Compositions and methods for chemical-mechanical polishing (CMP) the surface of a substrate are well known in the art. Polishing compositions (also known as polishing slurries) typically contain an abrasive material in an aqueous carrier. A surface of a substrate is abraded to polish the surface by contacting the surface with a polishing pad and moving the polishing pad relative to the surface while maintaining a CMP slurry between the pad and the surface. Typical abrasive materials include silicon dioxide (silica), cerium oxide (ceria), aluminum oxide (alumina), zirconium oxide (zirconia), and tin oxide. U.S. Pat. No. 5,527,423, for example, describes a method for chemically-mechanically polishing a metal layer by contacting the surface with a polishing slurry comprising high purity fine metal oxide particles in an aqueous medium. Alternatively, the abrasive material may be incorporated into the polishing pad. U.S. Pat. No. 5,489,233 discloses the use of polishing pads having a surface texture or pattern, and U.S. Pat. No. 5,958,794 discloses a fixed abrasive polishing pad.

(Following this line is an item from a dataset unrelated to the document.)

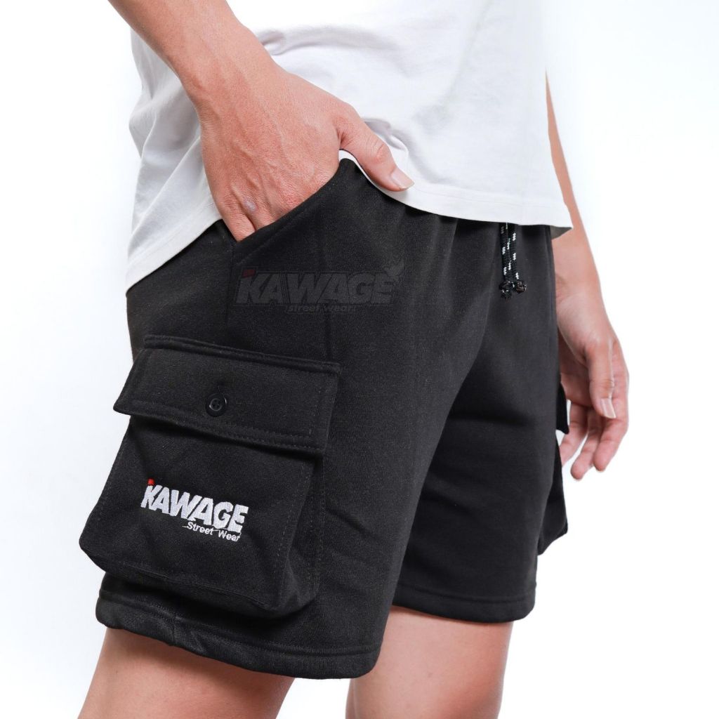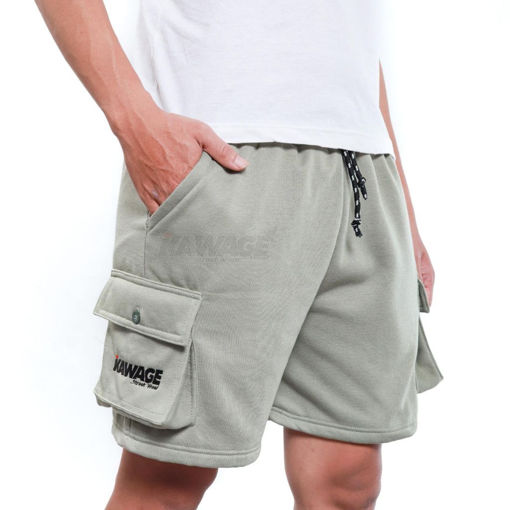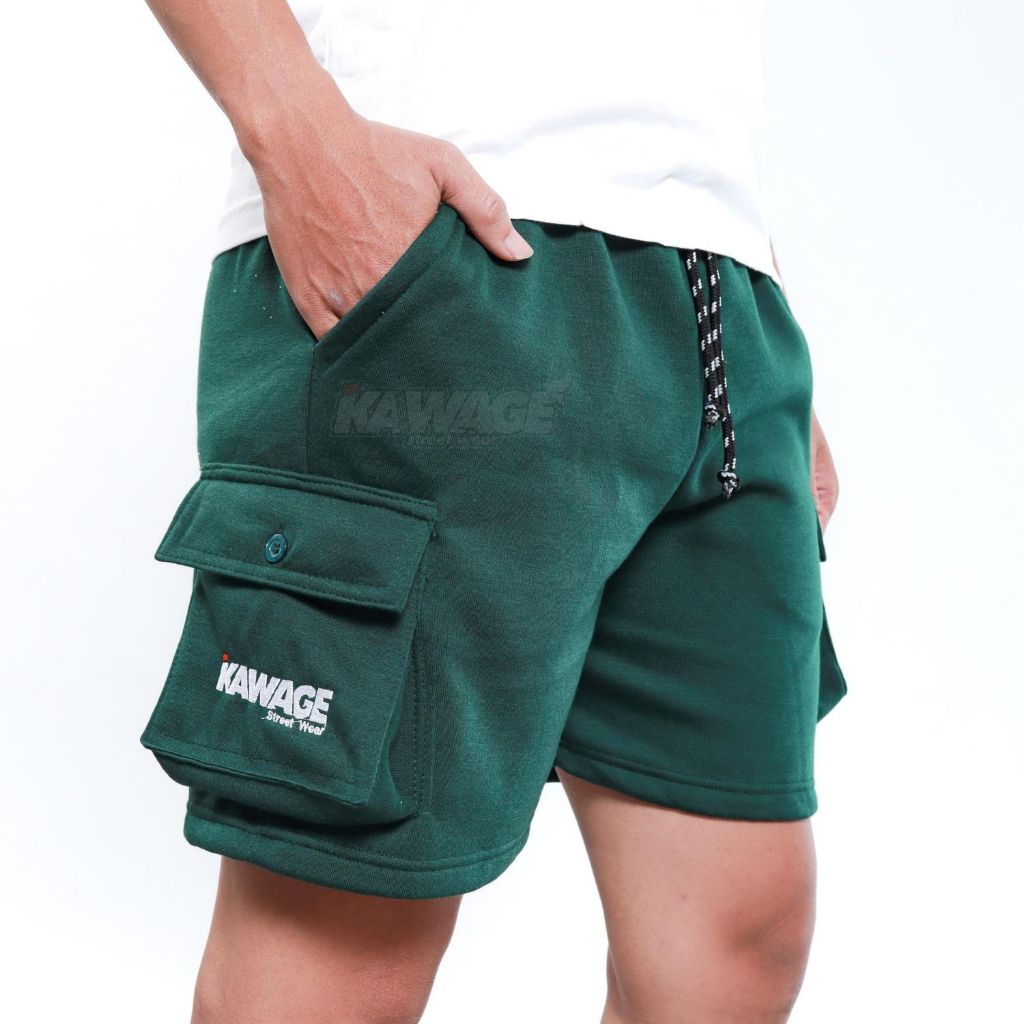 KAWAGE BIG Celana Pendek Jumbo Cargo Pria Wanita Distro Dewasa Bahan Fleece Adem Murah Hijau Botol

Conventional polishing systems and polishing methods typically are not entirely satisfactory at planarizing semiconductor wafers. In particular, polishing compositions and polishing pads can have less than desirable polishing rates, and their use in the chemical-mechanical polishing of semiconductor surfaces can result in poor surface quality.
The difficulty in creating an effective polishing system for semiconductor wafers stems from the complexity of the semiconductor wafer. The performance of a given CMP composition generally will vary depending on the composition (e.g., type of metal, type of semiconductor, etc.) of the surface being polished. Semiconductor wafers are typically composed of a substrate, on which a plurality of devices has been formed. Integrated circuits are chemically and physically connected into a substrate by patterning regions in the substrate and layers on the substrate. To produce an operable semiconductor wafer and to maximize the yield, performance, and reliability of the wafer, it is desirable to polish select surfaces of the wafer without adversely affecting underlying structures or topography. In fact, various problems in semiconductor fabrication can occur if the process steps are not performed on wafer surfaces that are adequately planarized. Because the performance of a semiconductor wafer is directly associated with the planarity of its surface, it is crucial to use a polishing composition and method that results in a high polishing efficiency, uniformity, and removal rate and leaves a high quality polish with minimal surface defects.
Various metals and metal alloys have been used to form electrical connections between interconnection levels and devices, including titanium, titanium nitride, aluminum-copper, aluminum-silicon copper, tungsten, platinum, platinum-tungsten, platinum-tin, ruthenium, gold, and combinations thereof. Gold presents a particular challenge in that it is chemically resistant, making it difficult to remove efficiently through chemical-mechanical polishing.
CMP compositions for etching and processing gold surfaces generally include complexing agents that are highly toxic, such as cyanides, compounds that generate toxic materials, such as thiosulfates, which generates hydrogen sulfide, or oxidizers that are intensely colored, such as I2/KI, which can interfere with optical CMP endpoint detectors.
Accordingly, there is an ongoing need for CMP compositions and polishing methods that exhibit desirable planarization efficiency, uniformity, and removal rate during the polishing and planarization of gold-containing substrates without using highly toxic or highly colored oxidizers.
The present invention provides such a composition and method. These and other advantages of the invention, as well as additional inventive features, will be apparent from the description of the invention provided herein.